Available data →
--

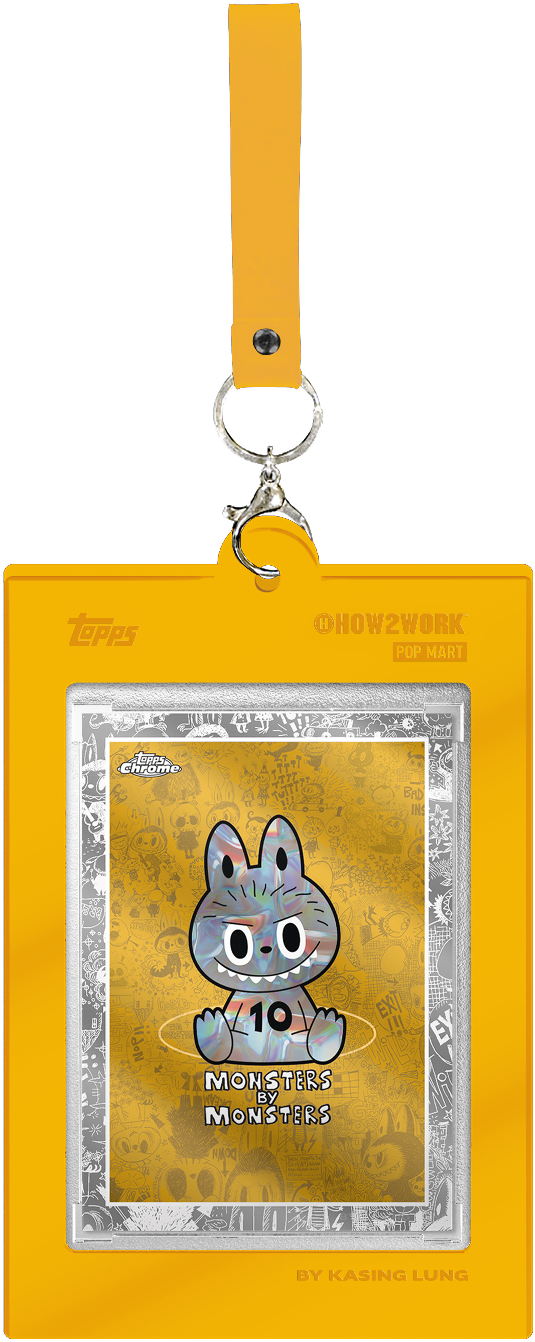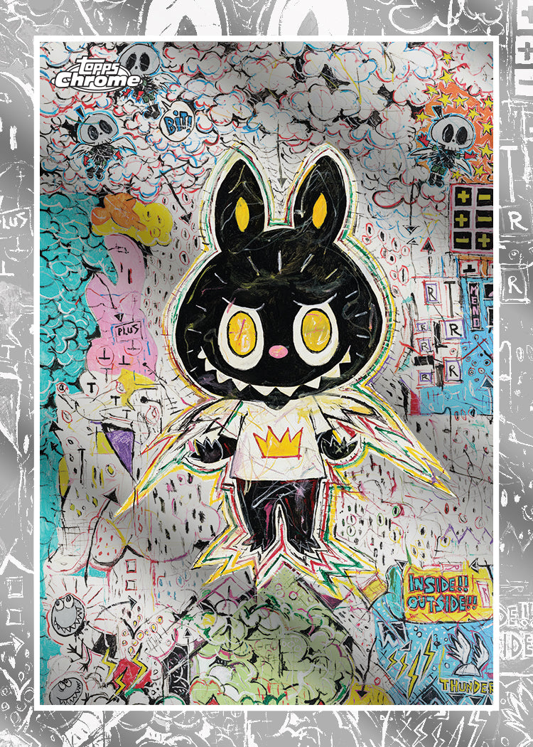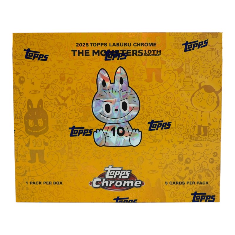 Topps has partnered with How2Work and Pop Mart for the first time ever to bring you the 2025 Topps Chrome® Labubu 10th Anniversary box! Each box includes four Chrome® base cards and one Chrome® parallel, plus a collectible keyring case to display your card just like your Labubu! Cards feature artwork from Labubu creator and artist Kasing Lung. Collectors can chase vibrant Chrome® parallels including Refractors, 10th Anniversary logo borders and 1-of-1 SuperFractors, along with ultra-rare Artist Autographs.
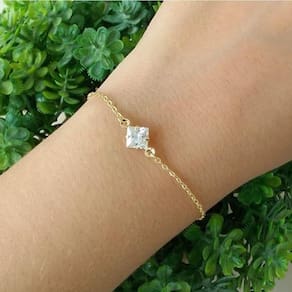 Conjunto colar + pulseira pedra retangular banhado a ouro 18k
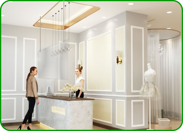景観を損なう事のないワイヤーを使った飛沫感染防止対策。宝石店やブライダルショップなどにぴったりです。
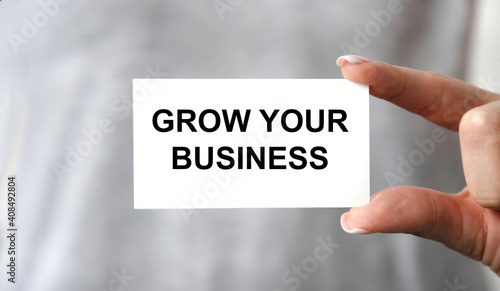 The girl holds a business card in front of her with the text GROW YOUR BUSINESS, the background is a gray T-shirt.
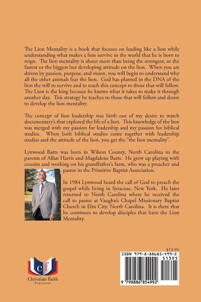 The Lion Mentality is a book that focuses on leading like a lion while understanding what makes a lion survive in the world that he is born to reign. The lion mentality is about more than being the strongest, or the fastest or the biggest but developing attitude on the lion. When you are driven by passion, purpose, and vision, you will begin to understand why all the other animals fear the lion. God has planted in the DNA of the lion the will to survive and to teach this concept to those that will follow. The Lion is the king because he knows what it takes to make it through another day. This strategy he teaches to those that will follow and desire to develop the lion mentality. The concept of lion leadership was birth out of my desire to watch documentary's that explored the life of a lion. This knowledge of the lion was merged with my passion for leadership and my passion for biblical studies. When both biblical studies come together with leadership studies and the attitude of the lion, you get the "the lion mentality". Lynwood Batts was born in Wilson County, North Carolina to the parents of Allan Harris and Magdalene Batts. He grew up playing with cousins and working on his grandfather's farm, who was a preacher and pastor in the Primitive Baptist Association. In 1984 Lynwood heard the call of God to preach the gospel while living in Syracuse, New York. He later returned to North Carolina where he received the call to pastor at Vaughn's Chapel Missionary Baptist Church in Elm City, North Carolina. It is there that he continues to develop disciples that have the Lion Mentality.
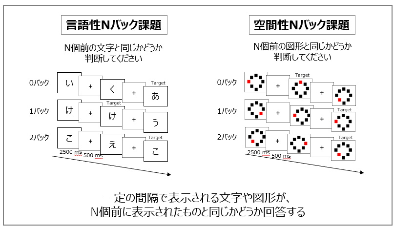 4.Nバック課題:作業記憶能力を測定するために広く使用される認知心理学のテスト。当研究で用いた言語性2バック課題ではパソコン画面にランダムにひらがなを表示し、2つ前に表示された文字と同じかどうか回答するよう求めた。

--

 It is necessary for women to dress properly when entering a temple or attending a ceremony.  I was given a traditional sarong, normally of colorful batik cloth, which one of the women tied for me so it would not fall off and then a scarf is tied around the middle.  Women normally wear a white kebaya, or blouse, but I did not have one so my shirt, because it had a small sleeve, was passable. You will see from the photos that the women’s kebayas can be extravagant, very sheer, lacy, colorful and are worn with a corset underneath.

--

What to work on →
Here the job is to copy the listing above word for word, starting at the line with "Topps has partnered" and ending at the line with "The girl holds", and to leave out the pictures.

Task answer →
 Topps has partnered with How2Work and Pop Mart for the first time ever to bring you the 2025 Topps Chrome® Labubu 10th Anniversary box! Each box includes four Chrome® base cards and one Chrome® parallel, plus a collectible keyring case to display your card just like your Labubu! Cards feature artwork from Labubu creator and artist Kasing Lung. Collectors can chase vibrant Chrome® parallels including Refractors, 10th Anniversary logo borders and 1-of-1 SuperFractors, along with ultra-rare Artist Autographs.
 Conjunto colar + pulseira pedra retangular banhado a ouro 18k
景観を損なう事のないワイヤーを使った飛沫感染防止対策。宝石店やブライダルショップなどにぴったりです。
 The girl holds a business card in front of her with the text GROW YOUR BUSINESS, the background is a gray T-shirt.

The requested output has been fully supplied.